'''
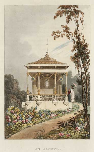 The design of an alcove is represented as seated on an eminence, facing an extensive portion of a garden, and in order to become an ornamental feature from the walks. The stile of this little building is light and elegant, but of no specific architectural character; and from its arrangements and design ought to be rather splendid in its finishing, than otherwise.  The pillars are of iron, and from them are suspended China pattera of rich colours: the chains are gilt, as is also the terminal of the roof. The scale like forms of the roof covering are of thin lead; and may be richly painted; indeed, the whole ought to be so decorated as to become highly ornamental, and be in splendid harmony with its accompanying parterres and flower beds - its aspect ought to be north, to insure shade in the summer, and look forward on the effects of sunshine before it, which would be augmented to the spectator by being viewed from a shaded place - this circumstance ought to be attended to in all buildings of the flower garden, erected for alcoves not meant for the reception of plants; and, in general, where garden seats are erected they ought to be disposed with reference to the seasons of the year; so it is desirable to have a retreat facing the sun for the spring and autumn, and for summer, one that allows plenty of shade and free ventilation. |
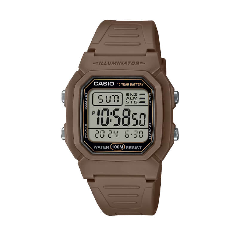 El Casio W-800H-5A combina una caja de resina en acabado marrón oscuro con correa de resina del mismo tono, logrando un diseño deportivo con un aire distintivo. Su pantalla digital amplia con dígitos de alto contraste asegura una lectura clara y rápida en cualquier situación.
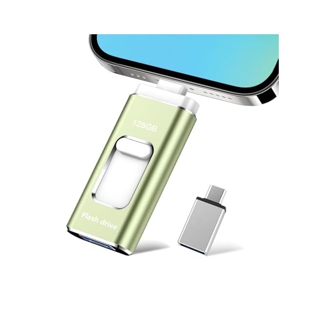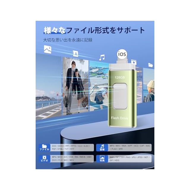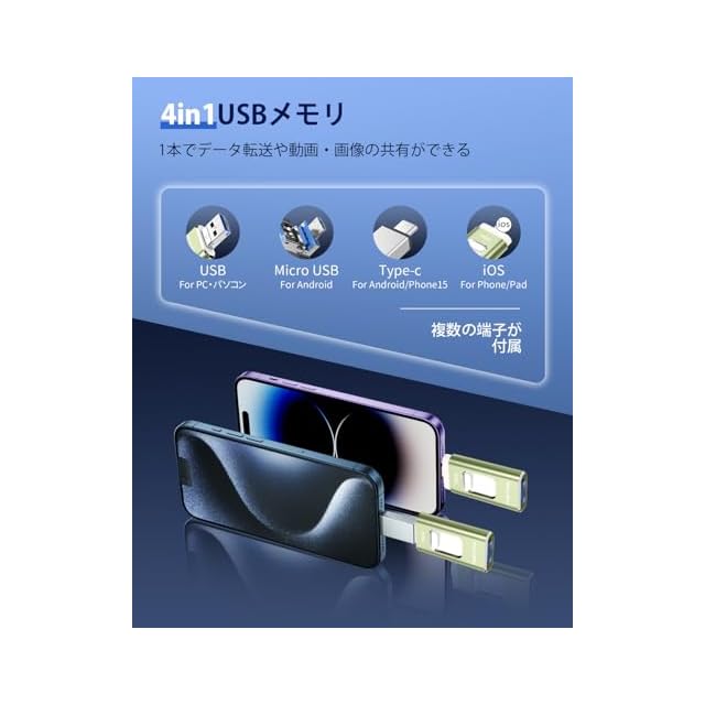 128GB USBメモリー【アプリ不要】4in1 phone対応usbメモリ高速USB 3.0 IOS/USB/Type-C/micro usb フラッシュメモリ type-c USB メモリーphoneデータ 転送保存 写真 バックアップアイフォン用 外付けメモリIOS/Android/Win/MAC対応 携帯容量不足解消(ライトグリーン)
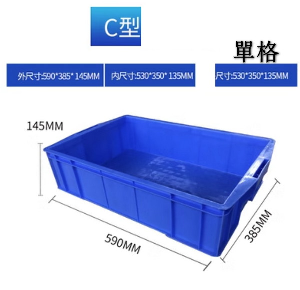 新款塑料周轉箱/膠箱-藍色加厚C1【59x38.5x14.5】無蓋子
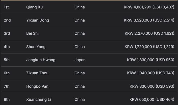 亚军由同胞Yixuan Dong获得,收获3,520,000韩币(约合2,514美元)奖励;同样来自中国的Bei Shi位列季军,获得2,270,000韩币(约合1,621美元)。
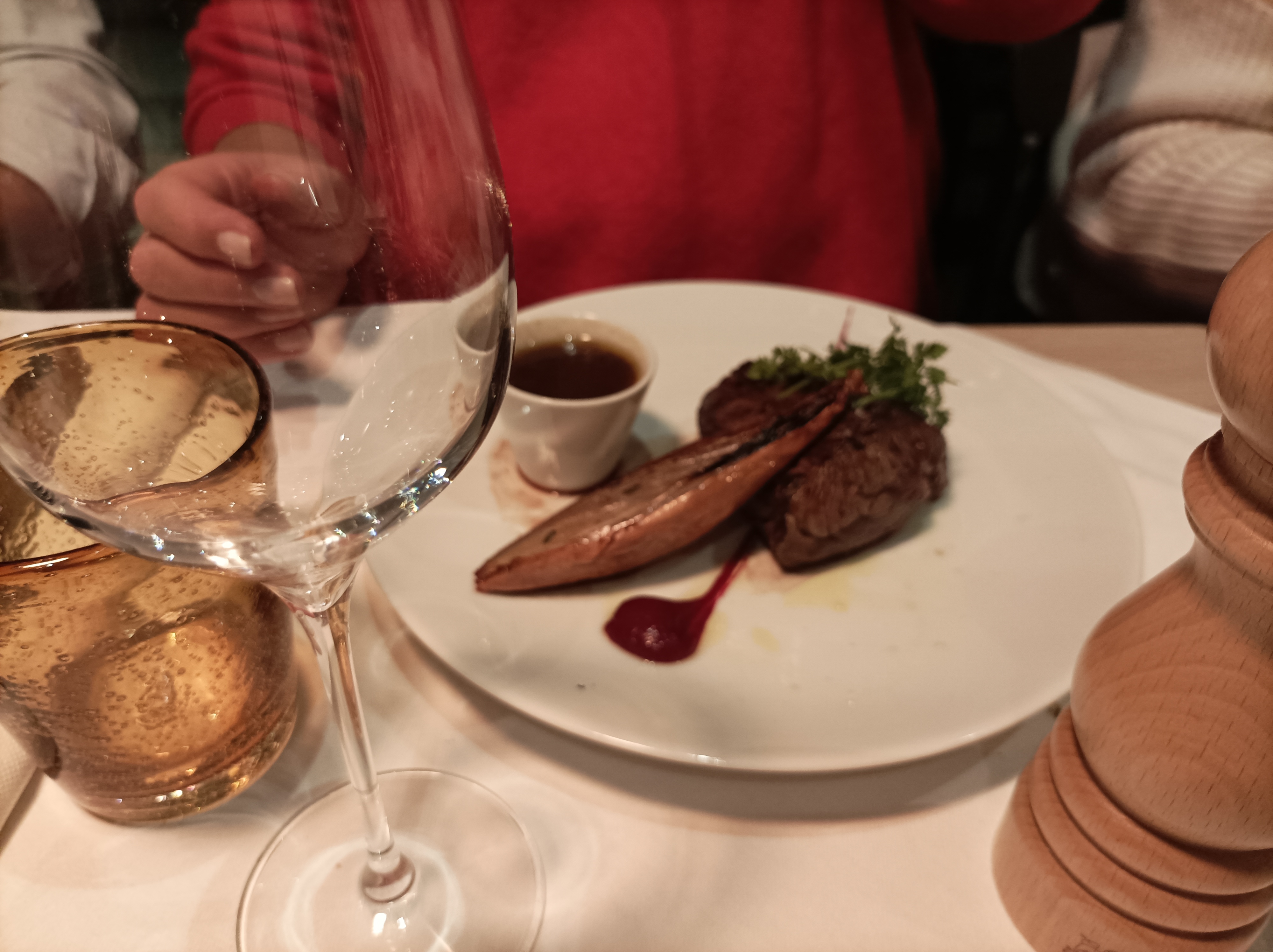 Repas entre amies, accueil chaleureux, décoration soignée. Quant aux repas, viande savoureuse cuite à la perfection avec son accompagnement!! Un régal! Petit plus, nous avons été guidées sur le choix de notre vin selon nos critères et vraiment c'était un délice. Équipe agréable et très professionnelle. Je recommande vivement!!
'''
» What you will do
Exactly the lines from the line with "128GB USBメモリー【アプリ不要】4in1 phone対応usbメモリ高速USB" through the end of the data are to be reproduced, and no picture is to be included.

» Task answer
 128GB USBメモリー【アプリ不要】4in1 phone対応usbメモリ高速USB 3.0 IOS/USB/Type-C/micro usb フラッシュメモリ type-c USB メモリーphoneデータ 転送保存 写真 バックアップアイフォン用 外付けメモリIOS/Android/Win/MAC対応 携帯容量不足解消(ライトグリーン)
 新款塑料周轉箱/膠箱-藍色加厚C1【59x38.5x14.5】無蓋子
 亚军由同胞Yixuan Dong获得,收获3,520,000韩币(约合2,514美元)奖励;同样来自中国的Bei Shi位列季军,获得2,270,000韩币(约合1,621美元)。
 Repas entre amies, accueil chaleureux, décoration soignée. Quant aux repas, viande savoureuse cuite à la perfection avec son accompagnement!! Un régal! Petit plus, nous avons été guidées sur le choix de notre vin selon nos critères et vraiment c'était un délice. Équipe agréable et très professionnelle. Je recommande vivement!!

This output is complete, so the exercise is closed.